More on France, this article is from 2007 when Tysabri was approved in France. They have been infusing since a week before this article was published:

http://www.apmhealtheurope.com/story...46&numero=6296

"...Asked by APM about rapidly evolving MS, Prof de Seze explained that natalizumab can be administered after mitoxantrone, which is limited to six infusions due to toxic haematological effects, but that there must be a time lapse between the two to allow the immune system to recover. He considers it preferable to offer a different immunomodulator after mitoxantrone, or natalizumab before mitoxantrone.
In France, natalizumab can only be prescribed by hospital neurologists. Certain precautions have to be taken before treatment initiation, mostly due to the risk of PML. A brain MRI must have been carried out less than three months previously and neurologists must check for immunosuppression and latent tuberculosis. If previous immunosuppressive treatment has been used, there is a six-month delay before Tysabri treatment can be started, to give the immune system time to recover."

I don't know how many people in France are on Tysabri. They don't seem to be having any of the problems that Germany is having or we would be hearing about it.The patients first infused in France are about where Wiz and I are right now and so far, no PML reported there from any of the information I can find.

The German patients do NOT seem to be having a lengthy washout from mitoxantrone, they do NOT seem to have the monitoring that we have and that France has, and for two countries who started infusing around the same time, the discrepancy in PML cases is outstanding between France and Germany.

As far as the CD4/CD8 testing, it's possible that you get tested as a part of your bloodwork. Ask your neuro exactly what he/she tests for when they do bloodwork as a part of their monitoring.

The Tysabri rate is 60%US/40%ROW as Natalie stated. The figure of 64K is also correct +-. This figure is all patients who have been exposed to Tysabri, including trial patients and people who have discontinued Tysabri. I believe the 45K+- figure is people who are on Tysabri post market retail (since 2006 return to market) and does NOT include trial patients who are in STRATA, TYGRIS, etc. so that is where the discrepancy in the numbers comes from.


My news:
I received a second call from Biogen yesterday. We ARE having an effect. They are being swamped by calls, our points are being presented clearly and the top brass is getting the messages and is listening to the monitored and taped calls.

When asked how long would be too long for them to make a decision as to how to get the information out to patients, I said that people are already speaking with news agencies, calling senators and that suggestions have been made as to more direct protests, including refusing one infusion in one month across the board if need be, but that they do have some time but that shouldn't be construed as more than two to three months.

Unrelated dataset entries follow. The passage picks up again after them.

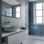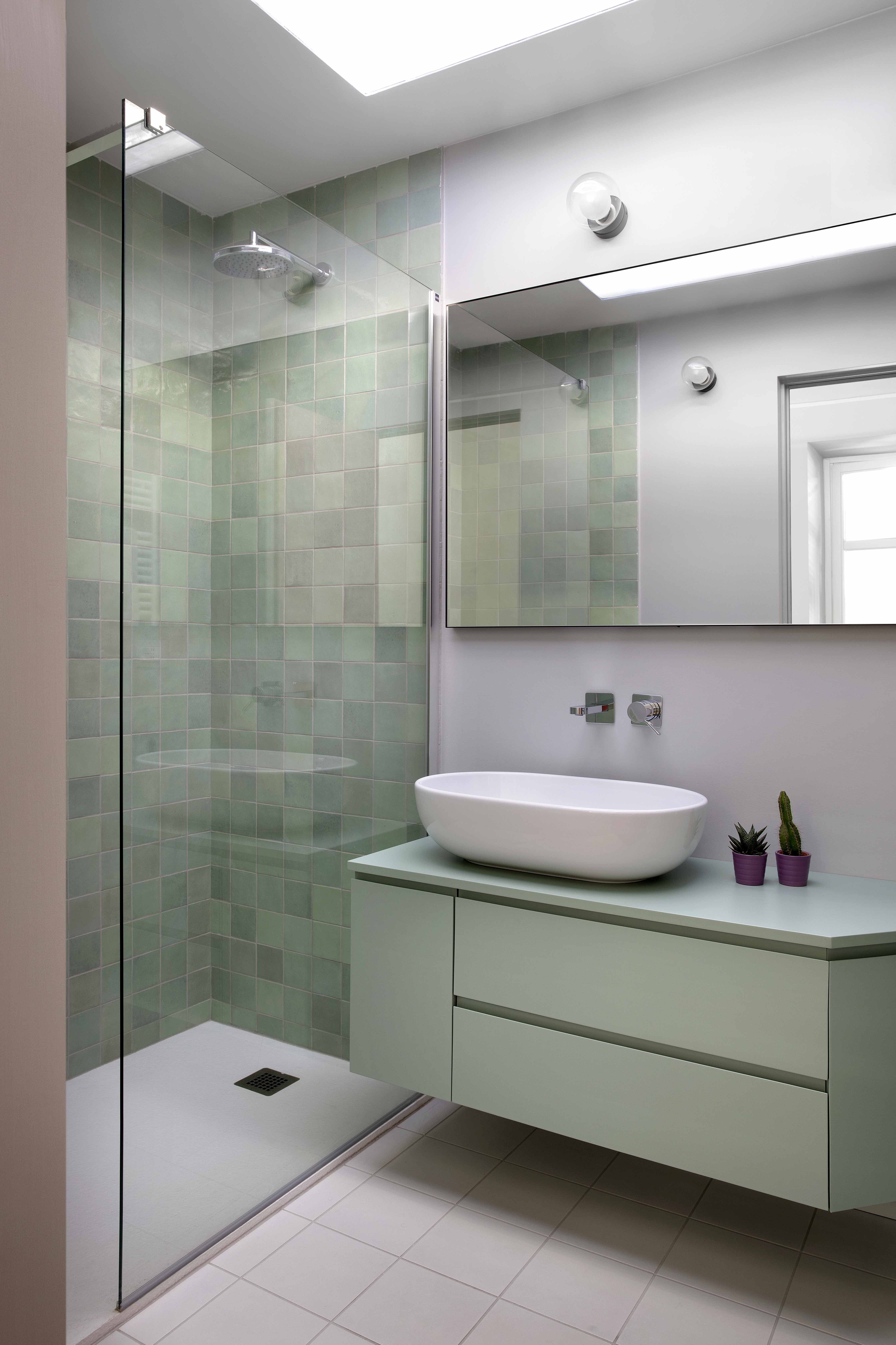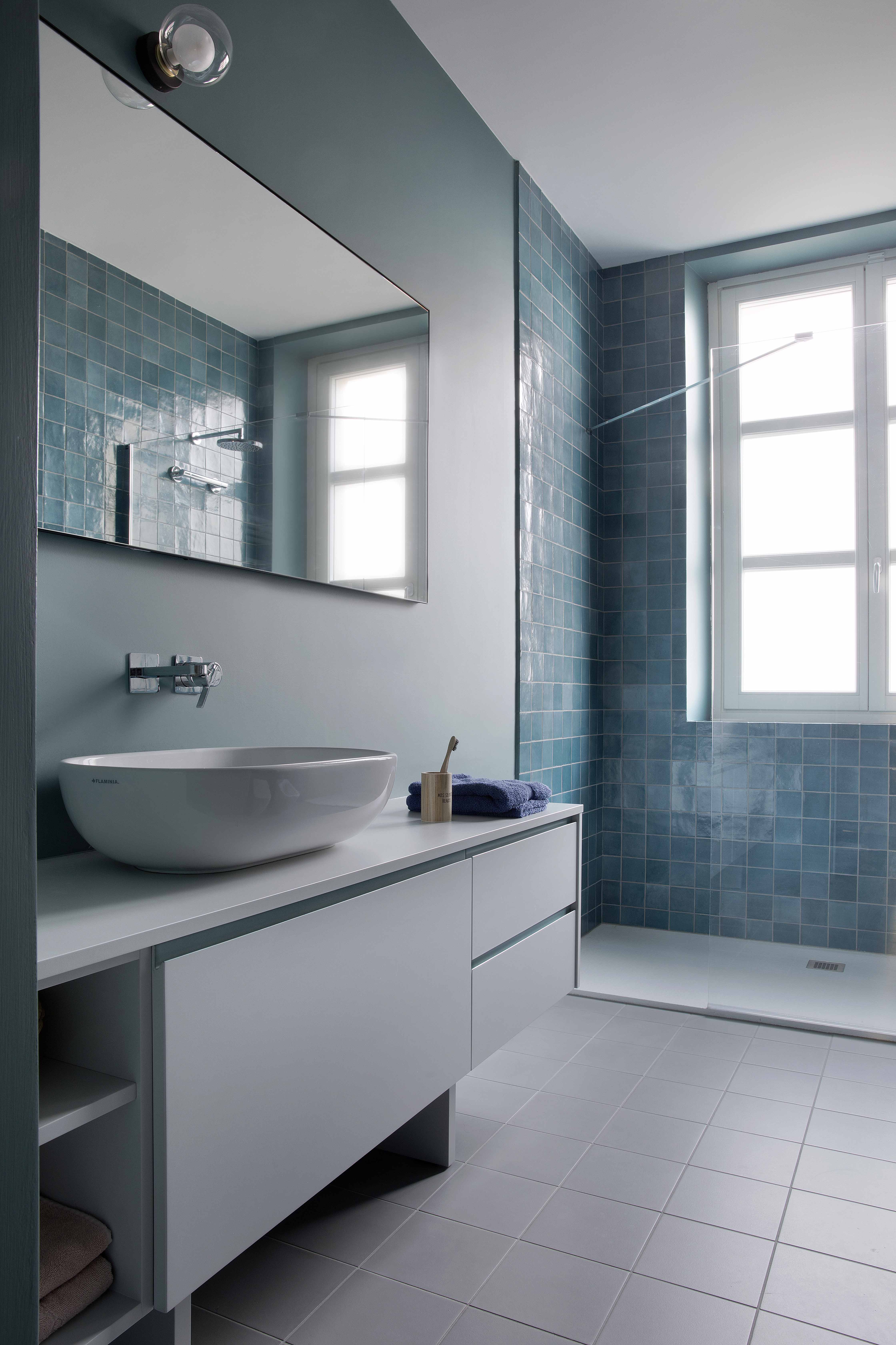 Entrambi i bagni hanno ampi box doccia interamente rivestiti con le lucide e vibranti ceramiche smaltate della serie Zellige di Marazzi, nelle due varianti cromatiche del turchese e del petrolio ai cui colori si rifanno i mobili realizzati anch’essi su disegno.
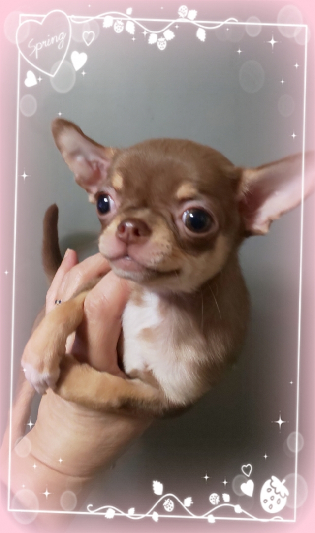 | コメント | レアなチョコタンのスムースちゃん。 最近、良く生まれています!! 3姉妹の中で、一番小振りな子です。 50日で、630gです。 可愛いサイズになりそうです。 空輸はしておりません。 カード、分割はしておりません。 ご家族様同意の上、お問い合わせ、ご見学ください。 他のブリーダー様、ペットショップさまからの続けてのご見学はお断りしています。 |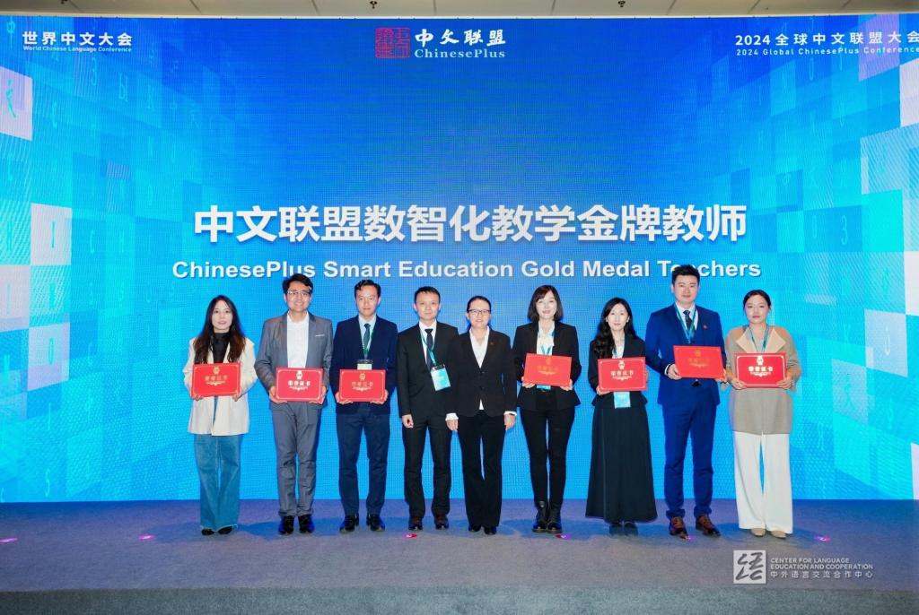 11月17日,中文联盟、世界汉语教学学会智慧教育分会、五洲汉风网络科技(北京)有限公司携手全球合作伙伴联合开展了中文联盟数智化教学“金牌”项目评选活动。经组委会评审,有50家金牌合作机构、29门金牌课程、35位金牌教师、13个金牌教学工具、21个金牌应用案例荣获金牌荣誉,贝博教师于泓珊获“中文联盟数智化教学金牌教师”荣誉称号,接受中文联盟主席王锦红颁授荣誉证书。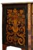 The description closely aligns with the iconography and decorative vocabulary seen on the marquetry top of the present commode.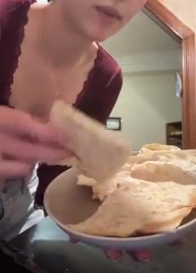 A fair-skinned woman with light brown hair and wearing a maroon lace-trimmed top and light-colored jeans stands in a kitchen and holds up a white bowl containing flatbread. She pulls off a piece, takes a bite, and chews. The kitchen is furnished with dark countertops and a wooden doorframe is visible in the background.

I reminded him that we as patients are the best advocates for other patients, that Tysabri is a patient driven drug, but that none of us are feeling comfortable right now with what we can tell new people who ask us about our Tysabri experience and that replies are starting to include the fact that we as patients who have been on Tysabri for a long period are being held back by not receiving information about the new cases of PML announced by the EMEA and the FDA, and no word from Biogen and Elan, that our physicians are busy and don't have time to do Biogen's job, that it costs many patients money to see their physician, even if just to ask questions and be given up to date information. I also spoke about the fact that we get faster and more information from financial news agencies than we get from Biogen. I reiterated the fact that we are not asking for names or for people's privacy to be violated, but that we do want country, age, sex, length of time on Tysabri, previous treatments taken, length of washout time, and updates on condition and followups.

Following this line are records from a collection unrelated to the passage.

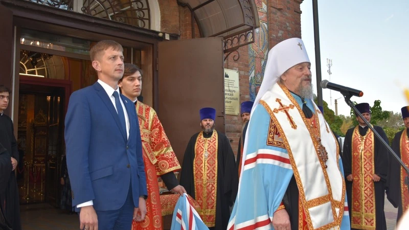 Митрополит Иоанн передал администрации округа хоругвь с изображением благоверного князя Александра Невского с надеждой, что Старый Оскол всегда будет опорой Святой Руси. Ковчег с мощами внесли внутрь храма. Здесь все прихожане смогут поклониться этой святыне.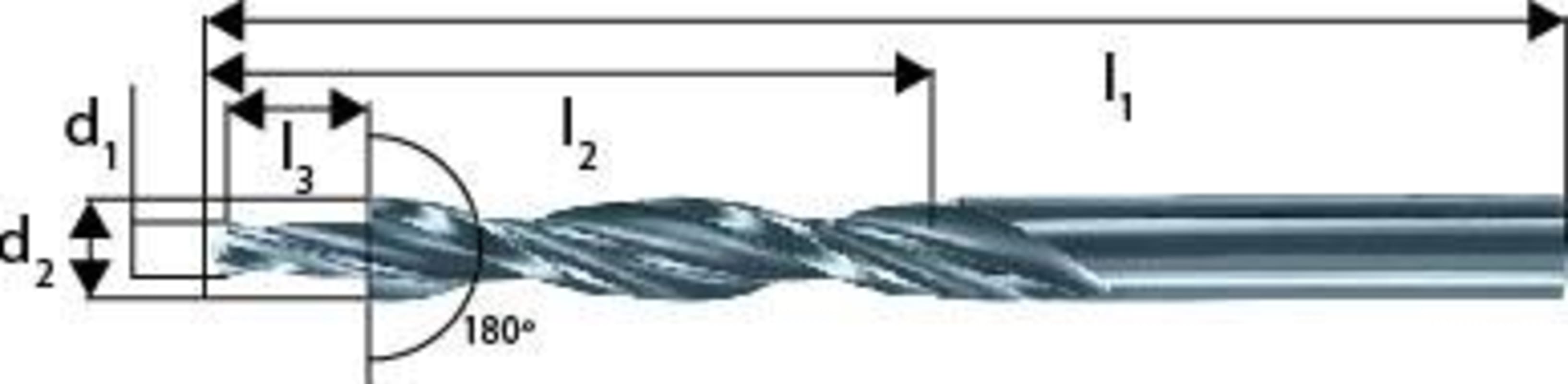 Mehrfasenstufenbohrer 180°, dampfbehandelt• HSS • DIN 8376 • Typ N • Für Durchgangsbohrungen • Spitzenwinkel 118° • Spiralwinkel 25-30° • Schaft zylindrisch • Rechtsschneidend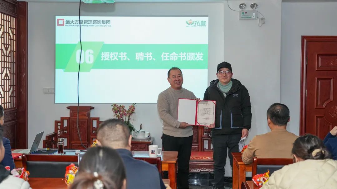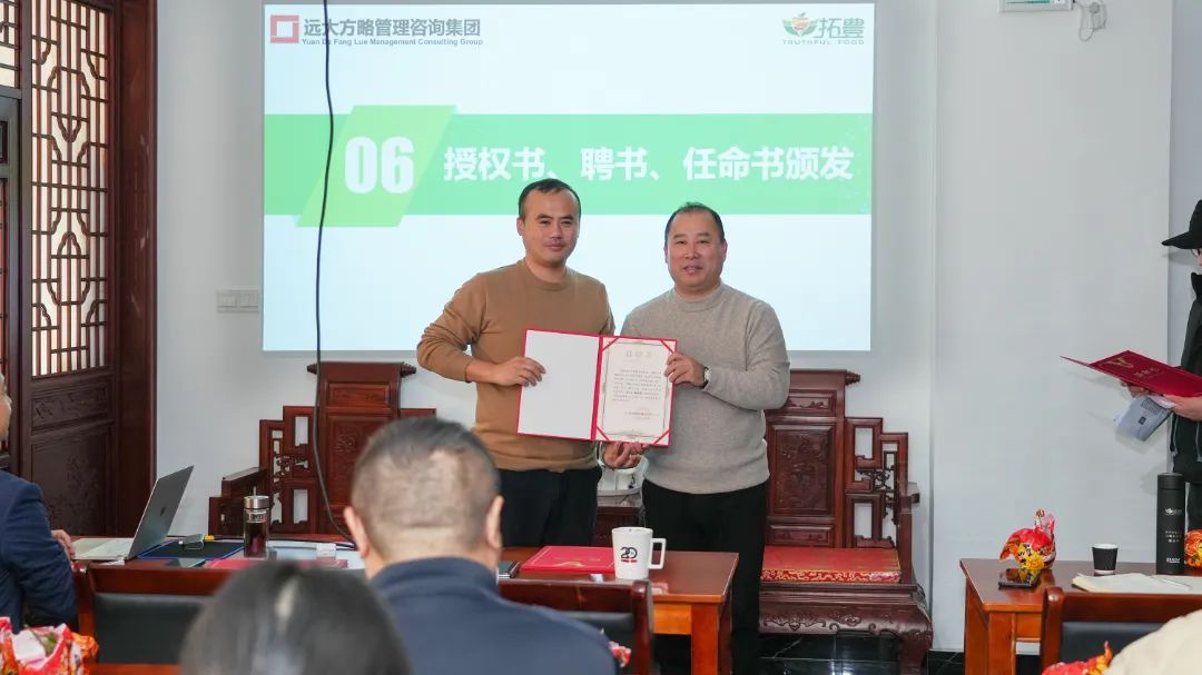 為了進(jìn)一步加強(qiáng)項(xiàng)目組的權(quán)威性和執(zhí)行力,拓豐樸道領(lǐng)導(dǎo)為遠(yuǎn)大方略項(xiàng)目組頒發(fā)了授權(quán)書(shū),授予老師項(xiàng)目管理權(quán),同時(shí),還為拓豐樸道項(xiàng)目組成員頒發(fā)任命書(shū),明確了各成員的職責(zé)與使命,進(jìn)一步強(qiáng)化了項(xiàng)目團(tuán)隊(duì)的執(zhí)行力和領(lǐng)導(dǎo)力,為此次項(xiàng)目改善提供了有力的組織保障。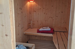Das Badezimmer ist das absolute Highlight dieser Wohnung: Auf über 10 m² mit Fenster finden Sie eine Badewanne, die Dusche, Waschmaschinenanschluss, maßgefertigte Wäschekästen sowie eine Sauna.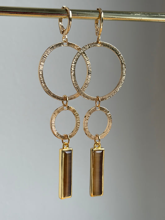 Vergulde mat gouden ringen met een langwerpige bruine Cateye steen.

I also reminded him that if it wasn't for patients in 2006 at the FDA hearings and working in the background, that Tysabri more than likely wouldn't be on the market right now, and that we did that with little help from Biogen and that with the internet, patients around the world are communicating about this problem and working together to change it.

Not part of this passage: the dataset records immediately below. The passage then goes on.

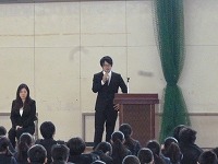 離任式では、去られる先生お一人おひとりから生徒全員に向けてのお話がありました。
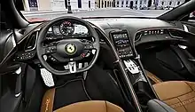 The interior is focused on the dual cockpit theme, featuring separate driver and passenger cells. It is described as a "2+" interior by Ferrari with a small backseat area. The dashboard features digital instrumentation (a 16.0-inch wrap-around touch screen) and a multi-function steering wheel (both shared with the SF90 Stradale) for the driver. The trim piece running through the centre of the interior separates the driver and the passenger and is integrated seamlessly into the dashboard. A centrally-mounted 8.4-inch portrait touch screen controls most of the car's functions. A third horizontal touchscreen can be integrated into the dashboard on the passenger side of the cockpit. This display allows the passenger access to the HVAC controls along with multimedia and navigation controls. The passenger can also view the performance metrics of the car. This third touchscreen emphasizes the passenger's role as navigator and co-pilot. A newly designed key allows the driver to open the doors of the car by the push of a button near the flush door handles of the car.[8][9][10][11][6]
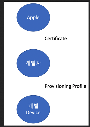- 소프트 웨어를 신뢰하는 건 Certificate가 담당하고, provisioning profiles는 각 "디바이스"(개인 사용자)가 "개발자"를 신뢰할 수 있는지 확인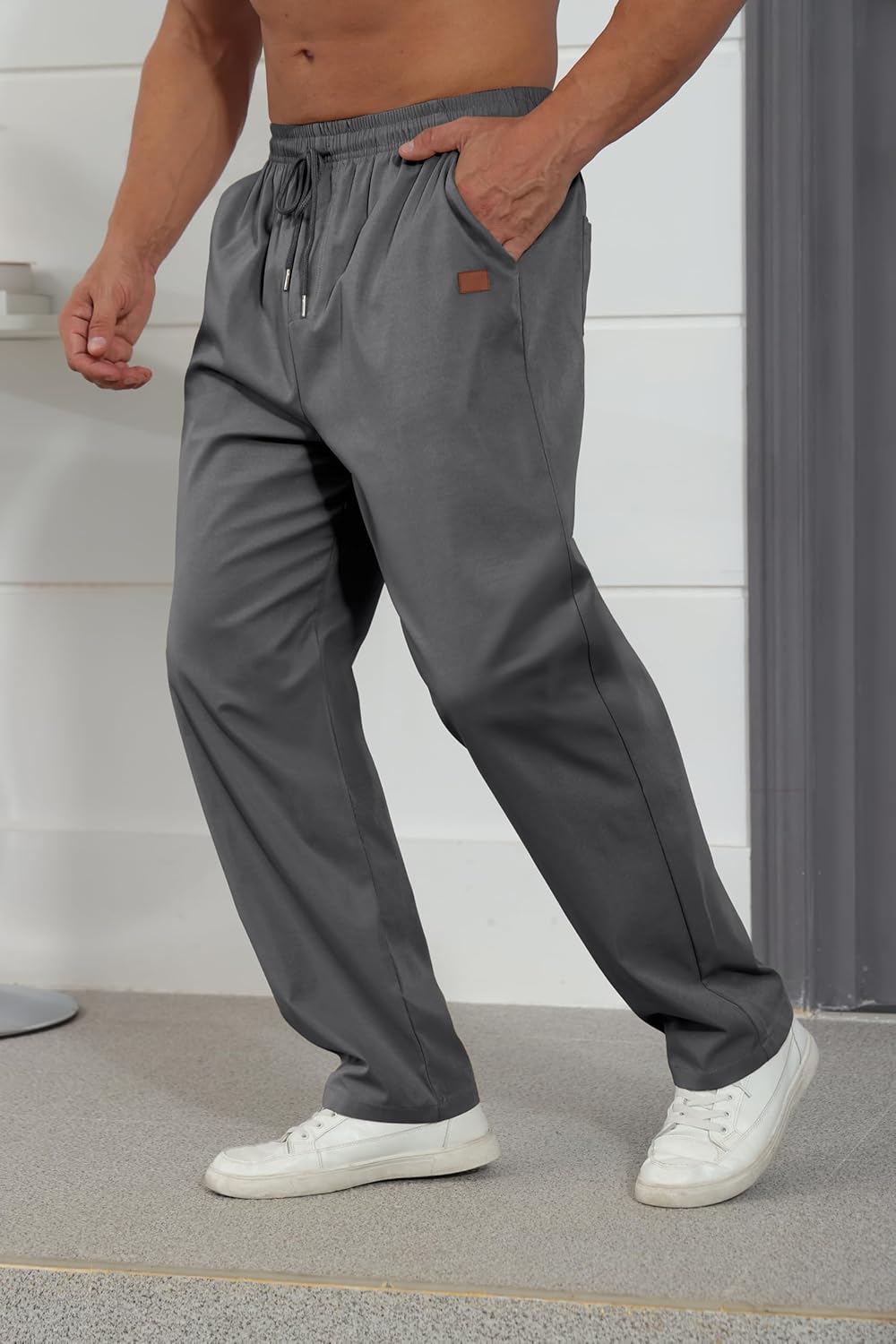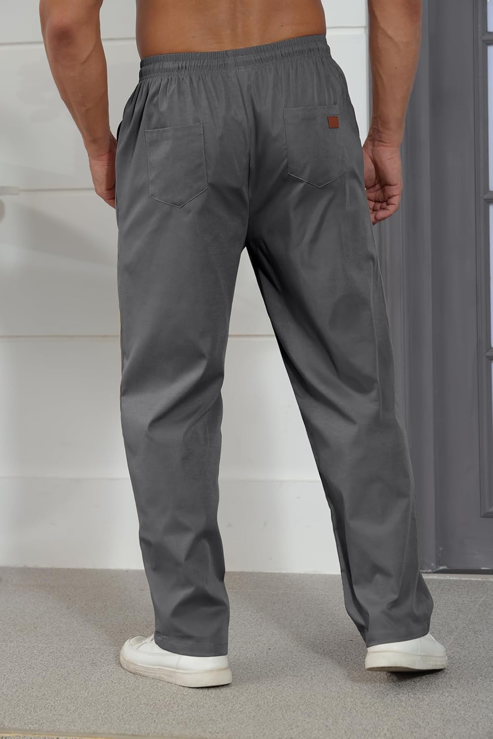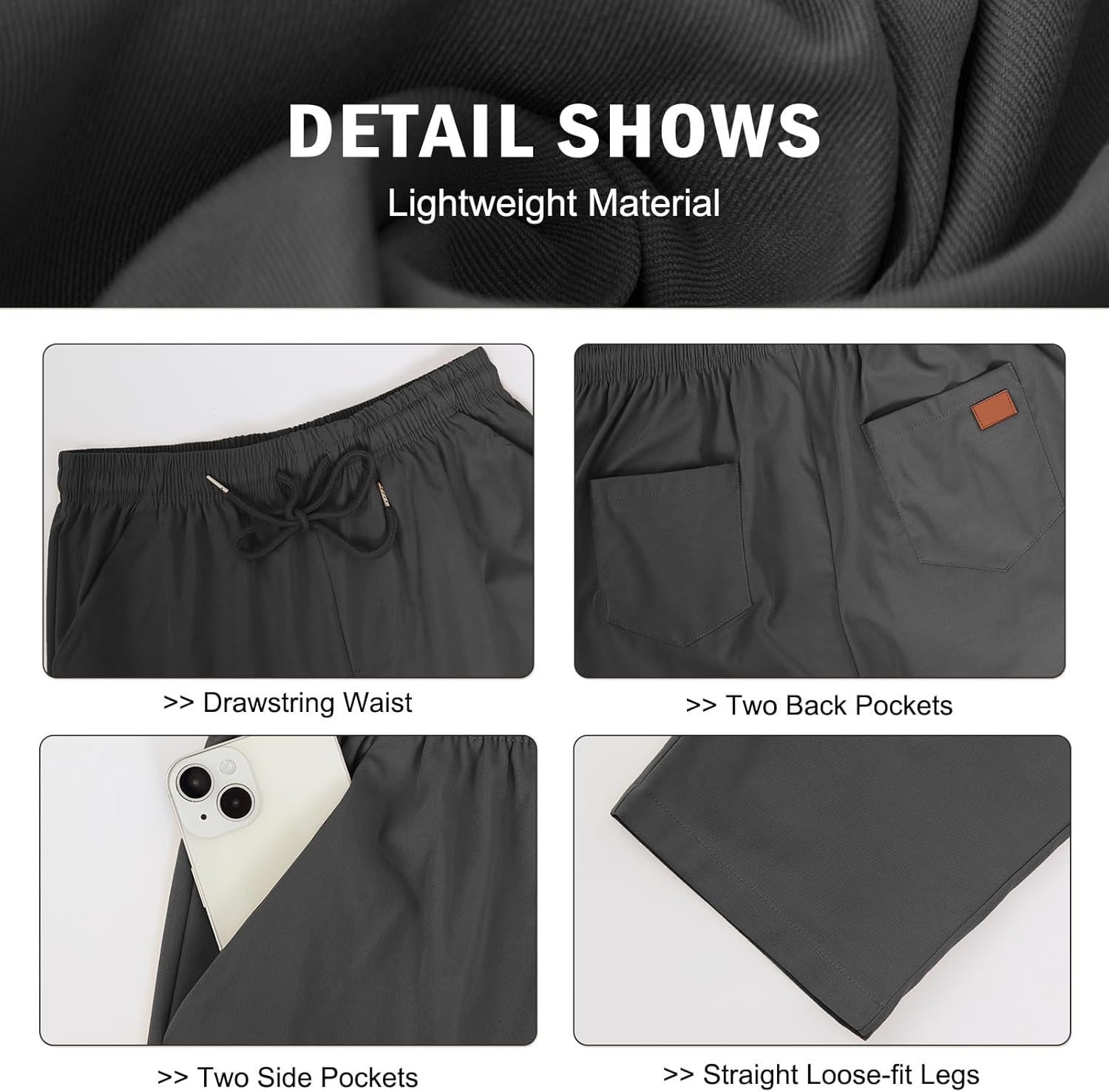 Features:Minimalistand fashionable versatile cargo pants,astic waistband with drawstring, 2 Three-Dimensional Leather Label(more eyecatching)beside the pocket, Four pockets (two in front,two in back), solid color, regular fit.

I'm urging people to continue to call, write letters to any addresses you have for Biogen and Elan, including investor relations, and speak with other Tysabri patients you know, whether they are using the same neuro, infusion center, people you know on Tysabri that you speak with on the net, go to other boards that you know of and get the word out. When speaking to someone personally at Biogen or Elan, please be as polite and professional as possible, state the facts, try to get names, call back numbers and email addresses and share them privately since most emails are not public and we want them on our side in a positive way.

We ARE making a difference here but they need to keep hearing what we have to say.